This issue is arguably going to arise ever more often in the future with wiki; as its already vast coverage of all fields and details of human knowledge grows, the typical level of notoriety (that's notability taken to extremes) of new topics will obviously drift downwards. Obviously: it is human nature for people to think of the most important topics first and fill in the others in (over a vast enough sample) an order of generally decreasing importance/notability/fame what-have-you. And in the limit, as here, you then start to hit topics for which there is only one source of information, and every time you do that there will be a problem of how much you have to change the sentences in the text of the new article so that it does not infringe the copyright of the sole source of information, the original article, the authority, the reference.

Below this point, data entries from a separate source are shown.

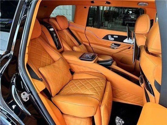 2023款奔驰GLS450改装迈巴赫后排座椅改成了两座座椅,安装带平板控制、无线充电器、小桌板的贯穿长条马鞍,构建长途旅行中恬静的车内氛围及充分放松的乘坐体验。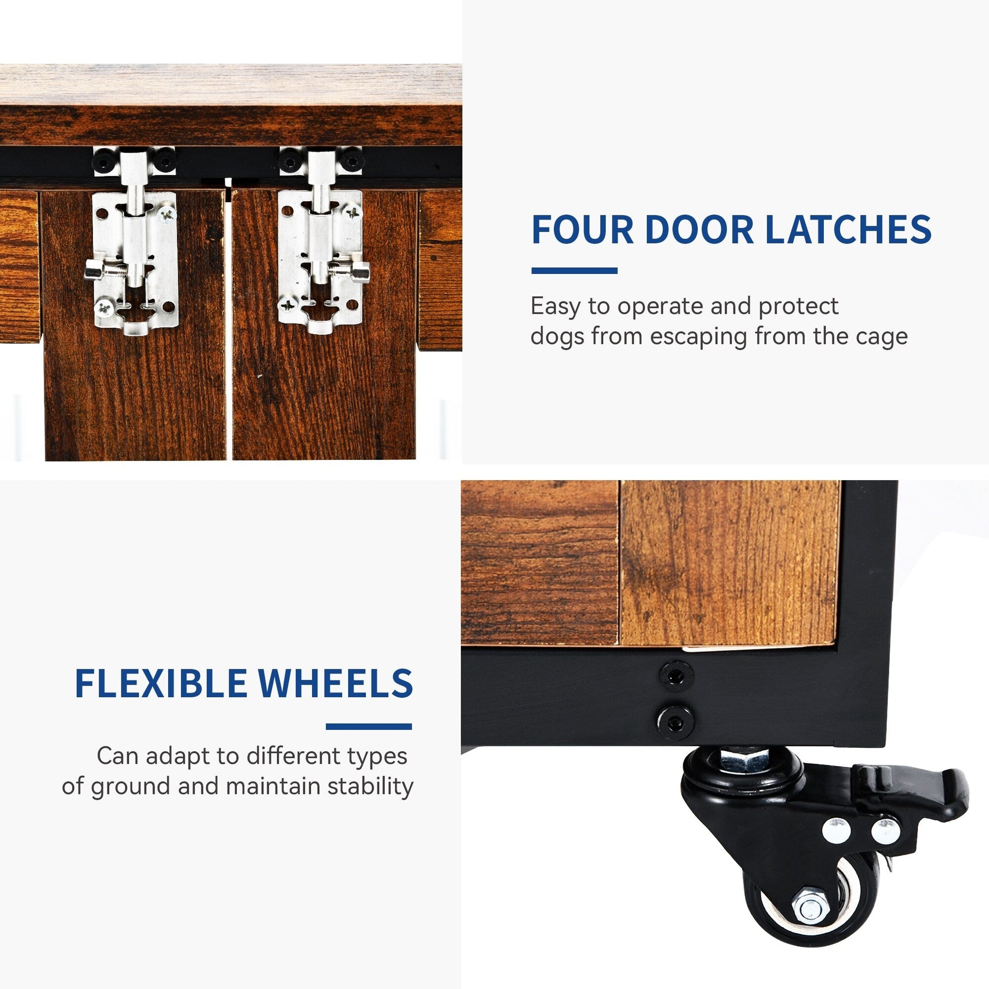 Vous cherchez encore la cage idéale pour votre chien, style meuble ? Celle-ci est bien meilleure que nos alternatives. Sa structure métallique est robuste et durable, son bois de fabrication P2 appliqué dégage moins de formaldéhyde pour la sécurité de votre animal, et sa surface renforcée la rend plus résistante aux rayures. Son design latéral ingénieux vous permet de placer la nourriture dans les gamelles et de les faire tourner sans ouvrir les portes. De plus, ses trois entrées vous permettent d'y entrer et d'en sortir votre chien à votre guise, et ses quatre roulettes avec freins vous permettent de la déplacer à l'extérieur pour profiter du soleil et de l'air frais. C'est sans aucun doute la meilleure cage, avec un design luxueux et un prix abordable.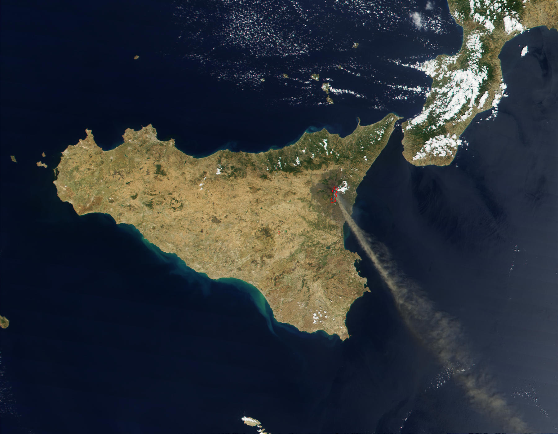 In northeastern Sicily, Mt. Etna continues to erupt. NASA’s Moderate-resolution Imaging Spectroradiometer (MODIS) on the Terra satellite captured this true-color image of the volcano on July 22, 2001. (MODIS captured a more recent image of Mt. Etna on July 24, 2001.) The eruption has opened five vents in the mountain, and is releasing a cloud of ash that can be seen stretching southeastward over the Mediterranean Sea. The red box overlaid on Mt. Etna shows where MODIS detected heat escaping from the volcano.

In a way this is associated with the problem of "no original research": if I went to Shepherds and asked very nicely and sat in their archive and made notes and came home and wrote an article for wikipedia, it would be original research and banned. I'd have to get it published somewhere else (say in a book) and then quote that to get past the demand for authorities & references. But if the topic is not important enough to expect big sales, the book publishing industry will not look at it. So if I do the work in the archive to avoid the Shepherds website author's copyright I get done on "no original research", and if I don't do the work but rely on their text, it's a copyright problem. Between them these two rules end up preventing any topic below a certain level of fame being covered at all even if they are factual, interesting, and intellectually important (that is, in this case, seen as a noteworthy pair of figures and an era in the history of the bookbinding art and craft).

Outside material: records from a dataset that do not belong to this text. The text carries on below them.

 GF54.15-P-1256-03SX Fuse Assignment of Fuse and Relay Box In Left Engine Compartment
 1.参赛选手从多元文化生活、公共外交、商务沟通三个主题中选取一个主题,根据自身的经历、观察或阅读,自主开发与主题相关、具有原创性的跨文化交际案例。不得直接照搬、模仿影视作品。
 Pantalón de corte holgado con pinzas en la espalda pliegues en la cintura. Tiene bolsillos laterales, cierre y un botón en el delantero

And thus back to the point above: if this argument of despair is to be avoided, we need wiki Guidance: how much must a text differ (be changed) from its information source in order not to be a copyright problem? Is it even always possible, given a topic with only one not very detailed source, to create something with the same amount of information and detail without it being seen as a copyright violation? Does changing the order of the sentences, and the order of words in those sentences, plus a few replacements with synonyms or paraphrases, fix it? Iph (talk) 00:52, 19 August 2009 (UTC)[reply]

Thank you for the message on my talk page. It usually makes sense to keep these conversations in one place (either your talk page, or mine, but this sub-page will do too).

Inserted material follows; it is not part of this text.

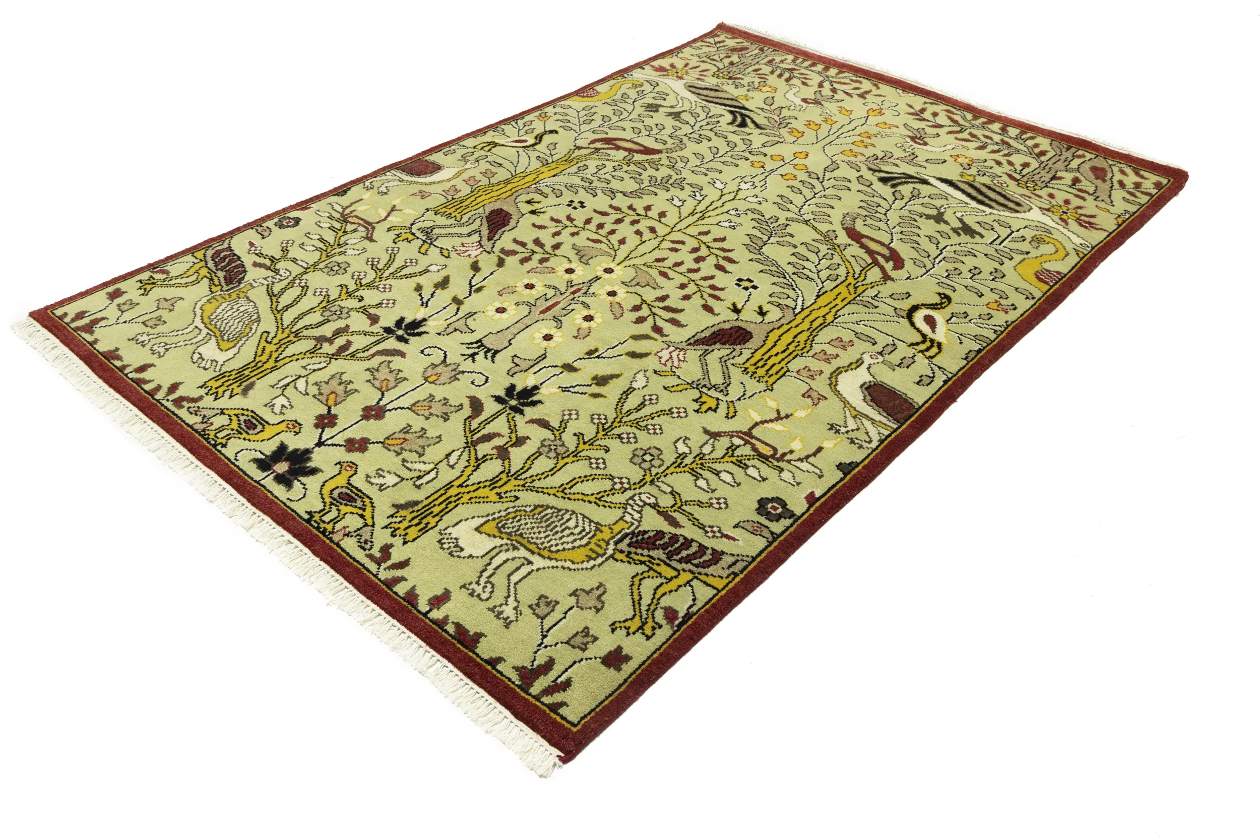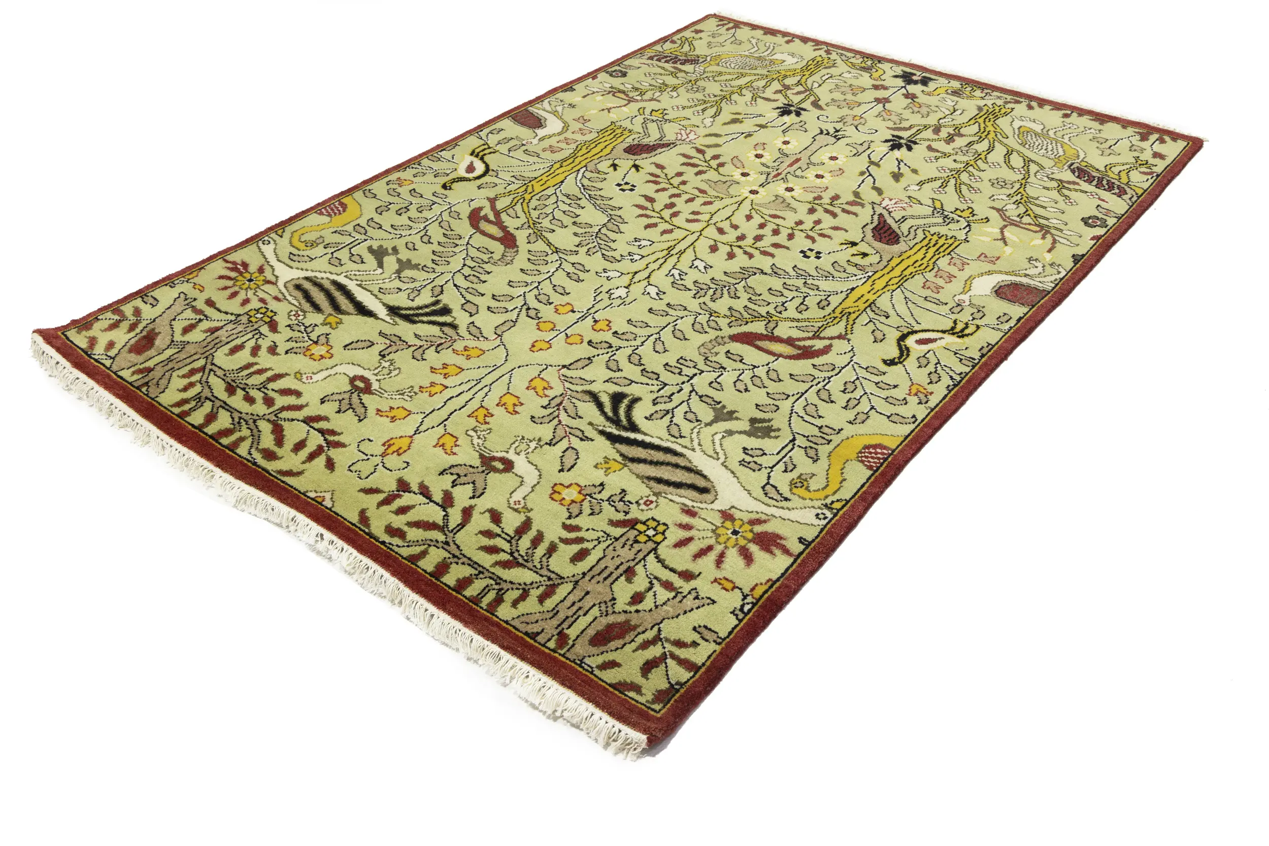 Greenish Beige Pictorial Tribal 6X9 Chobi Oriental Rug

You ask some good questions about the intersection of various Wikipedia policies (copyright, no original research, verifiability, notability). The place to start is probably Wikipedia:Copyrights, which makes it clear that:
"If you want to import text that you have found elsewhere or that you have co-authored with others, you can only do so if it is available under terms that are compatible with the CC-BY-SA license."
and carries on:
"If the material, text or media, has been previously published and you wish to donate it to Wikipedia under appropriate license, you will need to verify copyright permission through one of our established procedures."
You ask how much rewording is required to avoid copyright infringement. That is a bit like the question about the length of a piece of string, but that page also says, lower down:
"Note that copyright law governs the creative expression of ideas, not the ideas or information themselves. Therefore, it is legal to read an encyclopedia article or other work, reformulate the concepts in your own words, and submit it to Wikipedia, so long as you do not follow the source too closely."
and then cross refers to two entries from Wikipedia:FAQ/Copyright. The first reiterates that:
"Facts cannot be copyrighted. It is legal to read an encyclopedia article or other work, reformulate the concepts in your own words, and submit it to Wikipedia, although the structure, presentation, and phrasing of the information should be your own original creation."
and the second says:
"Generally, a summary (or analysis) of something is not a derivative work, unless it reproduces the original in great detail, at which point it becomes an abridgment and not a summary."
There is also the rather fraught issue of Wikipedia:Plagiarism (using someone else's work without infringing their copyright, but also without providing adequate credit.)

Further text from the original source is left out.